## What this task involves
In the records below, find the line that contains "一番下にバッテリー、その上に" and the line that contains "ACTUALNEWS.ID SINTANG –"; write out exactly those two lines and everything between them, without the pictures.

## Input

◇ ◇ ◇

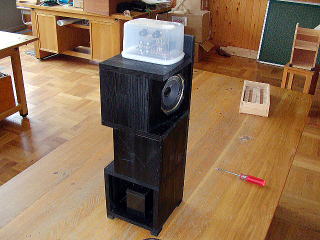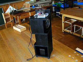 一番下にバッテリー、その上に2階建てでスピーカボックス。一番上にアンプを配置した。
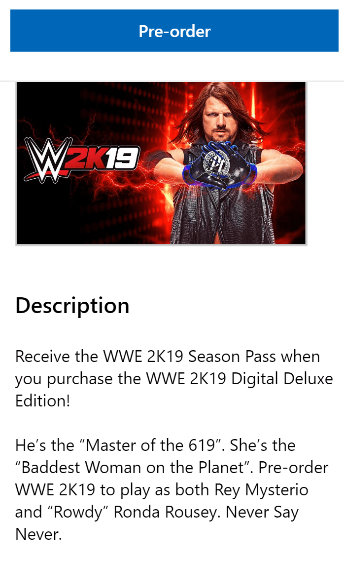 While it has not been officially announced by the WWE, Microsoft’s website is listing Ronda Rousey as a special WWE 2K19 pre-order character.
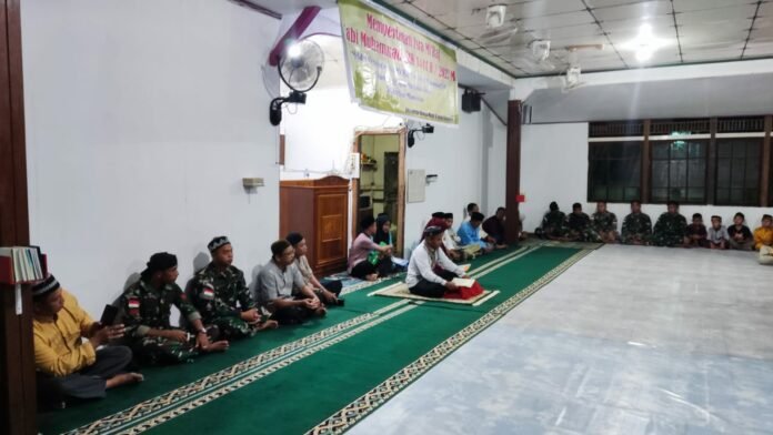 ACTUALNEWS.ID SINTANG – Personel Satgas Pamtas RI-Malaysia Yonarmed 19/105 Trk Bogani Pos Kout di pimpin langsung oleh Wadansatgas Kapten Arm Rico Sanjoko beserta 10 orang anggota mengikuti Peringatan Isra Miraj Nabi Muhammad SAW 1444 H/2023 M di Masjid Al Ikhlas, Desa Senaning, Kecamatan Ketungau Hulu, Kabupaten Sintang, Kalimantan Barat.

◇ ◇ ◇

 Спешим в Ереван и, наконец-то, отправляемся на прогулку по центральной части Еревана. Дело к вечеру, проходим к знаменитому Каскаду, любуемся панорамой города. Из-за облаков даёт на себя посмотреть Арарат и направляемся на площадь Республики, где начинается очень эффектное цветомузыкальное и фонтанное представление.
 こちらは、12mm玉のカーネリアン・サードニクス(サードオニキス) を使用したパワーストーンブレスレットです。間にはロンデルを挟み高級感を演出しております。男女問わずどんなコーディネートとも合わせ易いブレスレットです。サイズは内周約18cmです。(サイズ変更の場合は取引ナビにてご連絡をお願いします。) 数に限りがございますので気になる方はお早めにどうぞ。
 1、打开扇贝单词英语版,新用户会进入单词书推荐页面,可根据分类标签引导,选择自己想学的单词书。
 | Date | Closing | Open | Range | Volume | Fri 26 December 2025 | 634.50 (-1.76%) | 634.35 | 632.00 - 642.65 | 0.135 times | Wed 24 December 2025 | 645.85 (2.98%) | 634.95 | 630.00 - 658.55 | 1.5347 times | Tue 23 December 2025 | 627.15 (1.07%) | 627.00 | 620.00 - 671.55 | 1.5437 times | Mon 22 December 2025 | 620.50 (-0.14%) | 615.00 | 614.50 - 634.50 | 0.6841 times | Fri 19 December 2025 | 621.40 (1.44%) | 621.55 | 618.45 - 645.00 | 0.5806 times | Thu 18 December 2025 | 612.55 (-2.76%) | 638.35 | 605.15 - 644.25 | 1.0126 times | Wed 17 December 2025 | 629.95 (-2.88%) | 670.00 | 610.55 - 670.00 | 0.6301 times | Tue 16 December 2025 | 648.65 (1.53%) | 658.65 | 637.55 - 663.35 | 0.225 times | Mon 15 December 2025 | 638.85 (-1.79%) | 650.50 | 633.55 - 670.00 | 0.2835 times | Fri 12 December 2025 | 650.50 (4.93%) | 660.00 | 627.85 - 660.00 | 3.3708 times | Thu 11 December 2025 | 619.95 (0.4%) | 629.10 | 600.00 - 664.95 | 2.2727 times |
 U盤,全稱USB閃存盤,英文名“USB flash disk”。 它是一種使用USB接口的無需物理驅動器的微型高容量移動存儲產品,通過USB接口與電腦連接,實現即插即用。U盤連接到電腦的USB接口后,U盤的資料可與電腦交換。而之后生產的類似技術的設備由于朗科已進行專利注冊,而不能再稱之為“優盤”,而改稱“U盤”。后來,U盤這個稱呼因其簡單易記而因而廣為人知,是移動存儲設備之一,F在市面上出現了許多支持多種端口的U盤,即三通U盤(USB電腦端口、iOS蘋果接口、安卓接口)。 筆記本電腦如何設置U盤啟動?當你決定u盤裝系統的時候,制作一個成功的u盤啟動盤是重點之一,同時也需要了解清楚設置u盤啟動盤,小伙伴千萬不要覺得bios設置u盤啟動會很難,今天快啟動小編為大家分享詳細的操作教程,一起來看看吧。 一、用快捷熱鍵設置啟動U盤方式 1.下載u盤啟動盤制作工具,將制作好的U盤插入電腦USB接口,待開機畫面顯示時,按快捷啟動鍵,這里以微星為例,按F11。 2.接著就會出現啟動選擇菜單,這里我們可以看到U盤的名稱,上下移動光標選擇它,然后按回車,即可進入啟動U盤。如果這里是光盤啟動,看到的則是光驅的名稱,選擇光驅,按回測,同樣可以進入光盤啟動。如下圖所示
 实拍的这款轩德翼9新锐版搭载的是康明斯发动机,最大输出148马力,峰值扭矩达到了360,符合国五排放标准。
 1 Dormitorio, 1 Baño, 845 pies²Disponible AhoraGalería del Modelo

◇ ◇ ◇

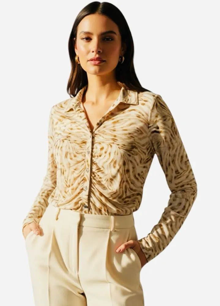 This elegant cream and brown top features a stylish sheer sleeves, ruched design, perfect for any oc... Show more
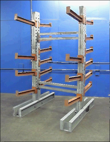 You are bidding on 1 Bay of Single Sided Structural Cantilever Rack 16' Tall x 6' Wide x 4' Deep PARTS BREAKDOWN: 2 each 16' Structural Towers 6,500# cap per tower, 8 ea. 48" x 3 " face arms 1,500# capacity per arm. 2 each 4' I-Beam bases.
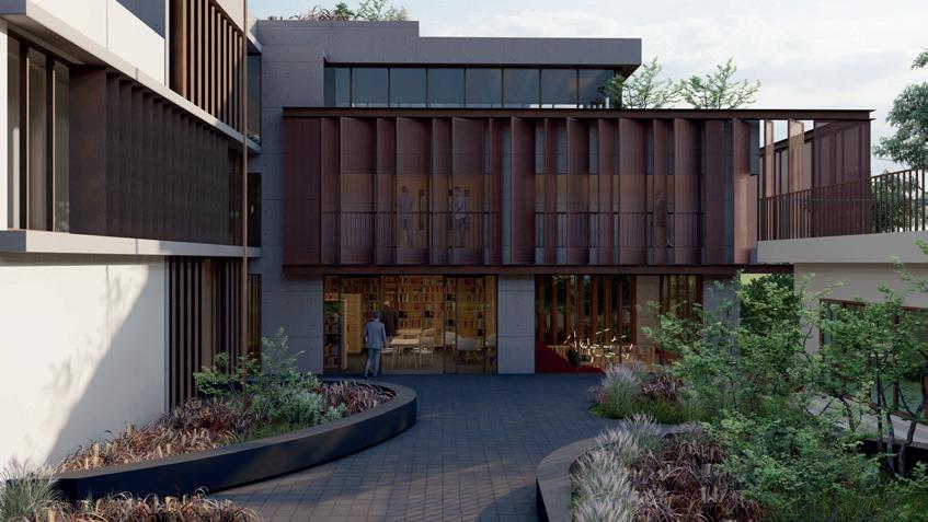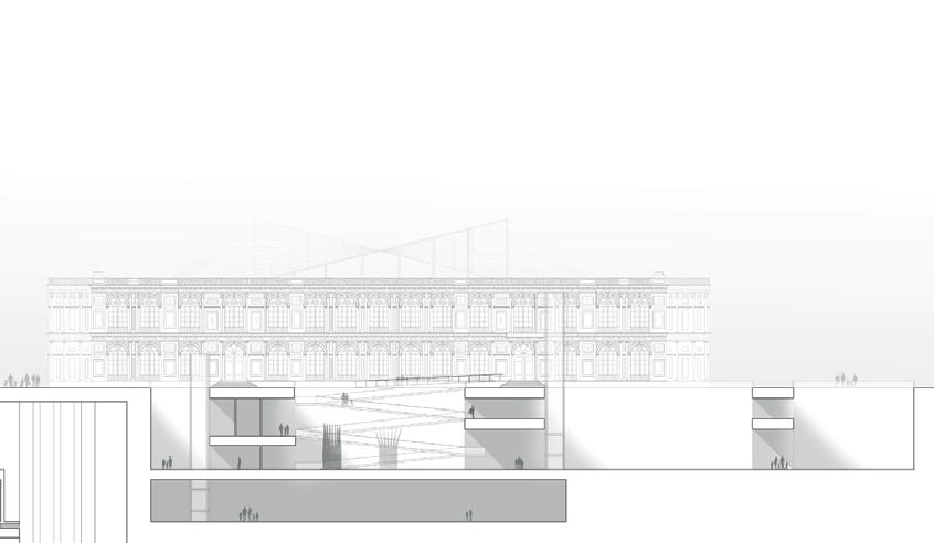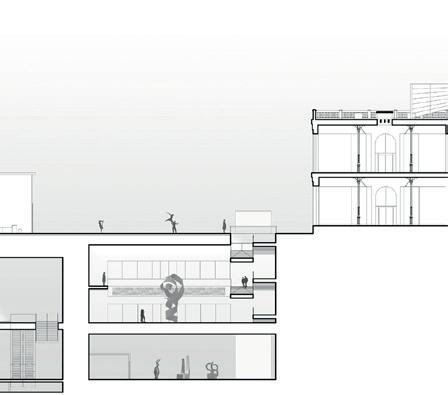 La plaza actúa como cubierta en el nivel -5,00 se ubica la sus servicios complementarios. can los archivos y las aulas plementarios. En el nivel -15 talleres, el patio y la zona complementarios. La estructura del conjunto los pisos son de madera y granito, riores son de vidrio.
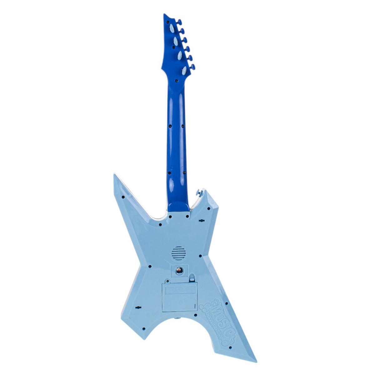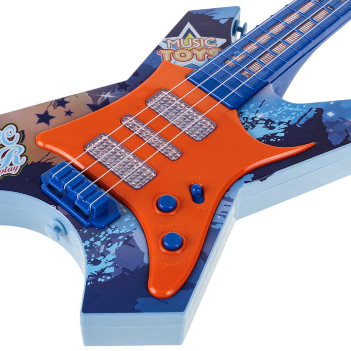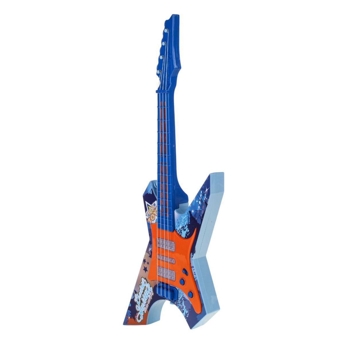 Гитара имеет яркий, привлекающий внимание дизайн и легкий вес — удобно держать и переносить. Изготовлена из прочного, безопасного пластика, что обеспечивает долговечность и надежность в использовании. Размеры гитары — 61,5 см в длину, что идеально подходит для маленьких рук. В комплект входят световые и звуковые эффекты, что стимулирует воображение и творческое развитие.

◇ ◇ ◇

## Answer below
 一番下にバッテリー、その上に2階建てでスピーカボックス。一番上にアンプを配置した。
 While it has not been officially announced by the WWE, Microsoft’s website is listing Ronda Rousey as a special WWE 2K19 pre-order character.
 ACTUALNEWS.ID SINTANG – Personel Satgas Pamtas RI-Malaysia Yonarmed 19/105 Trk Bogani Pos Kout di pimpin langsung oleh Wadansatgas Kapten Arm Rico Sanjoko beserta 10 orang anggota mengikuti Peringatan Isra Miraj Nabi Muhammad SAW 1444 H/2023 M di Masjid Al Ikhlas, Desa Senaning, Kecamatan Ketungau Hulu, Kabupaten Sintang, Kalimantan Barat.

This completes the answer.